Friday, April 13, 2007

ibike - part 4 - the software install

Well the software looked good enough sitting on the CD-ROM, and it seemed to install on my PC OK - and I followed the instructions - but it failed to find the USB driver first up. I followed the instructions again, went through the whole install and once again it failed to find the driver. So I went manual in control panel and found the driver had indeed installed correctly on my hard drive, it's just that the "automatic, preferred" search doesn't look there... of course. Wonder if this happens to everyone? Anyway, it really does extract and copy it to your ibike program folder, so a bit of searching will find it. It's just a manual approach is needed when 'auto' fails. Once loaded it all worked.

The software is simple. Connect, download all or some files... ooops, it crashed. And the ibike itself froze. OK, this has only happened once, but again I followed instructions, restarted the software and took the battery out of the ibike. I popped the battery back in and it fired up again and has worked flawlessly since. In fact it works better now than before. The battery started life reading 2.80V and fell to 2.70V during the 2nd ride, before recovering to 2.78V. However after refitting (and perhaps putting the cover back on a bit tighter?) it reads 2.82V pre-ride and hasn't fallen below 2.77V. The instructions say to get a new battery if it falls below 2.75V before a ride. Perhaps my first-day glitches were battery related?

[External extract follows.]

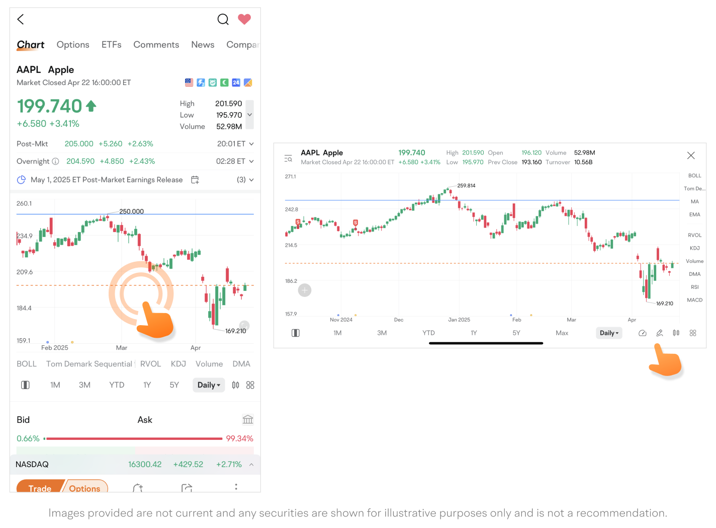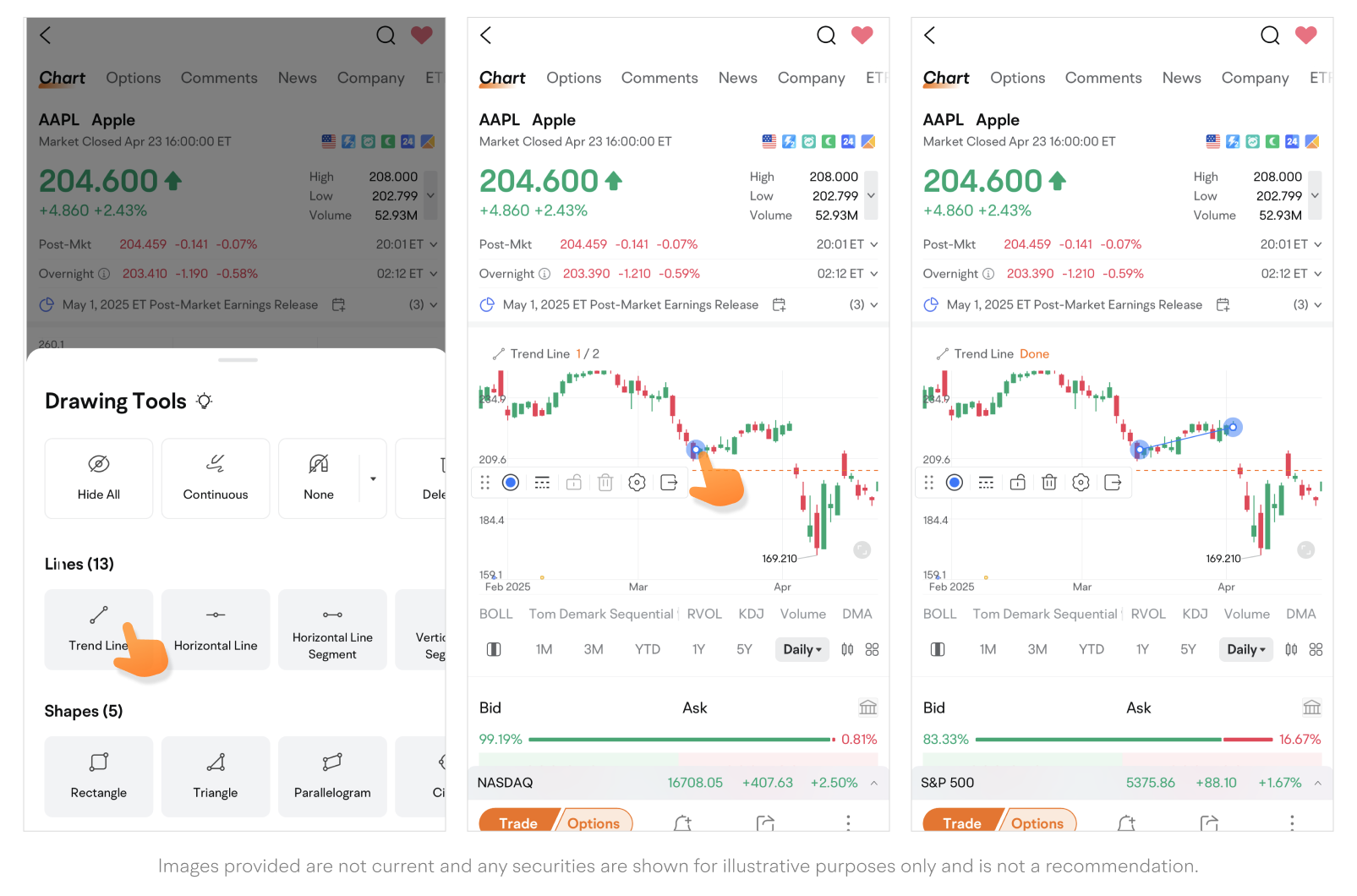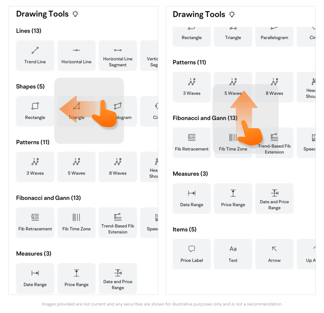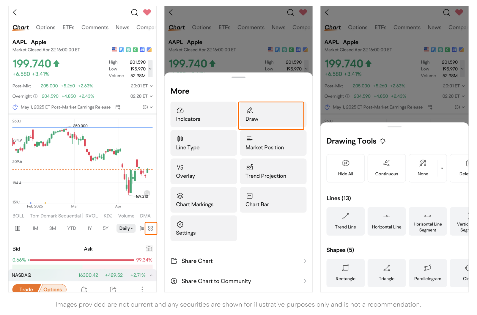 Path: Quotes page > Tap the "More" icon on the chart bar > Drawing Tools.

Anyway, back to the software. It's good enough. It loads up the whole ride as a .CSV file and you can 'play' with power, wind speed, elevation, slope and bike speed for starters. You basically can graph it as you like it, including looking at neat breakdowns of acceleration, hill and friction readings at any point in the ride. And you can probably read and modify it in any spreadsheet, too, given that it's saved as a .CSV (but I haven't tried - yet). It's simple, but does the job for a data junkie like me. It's strange though that the ibike itself displays slightly different maximum values than that logged in the data file. That aside, overall it's what I expected.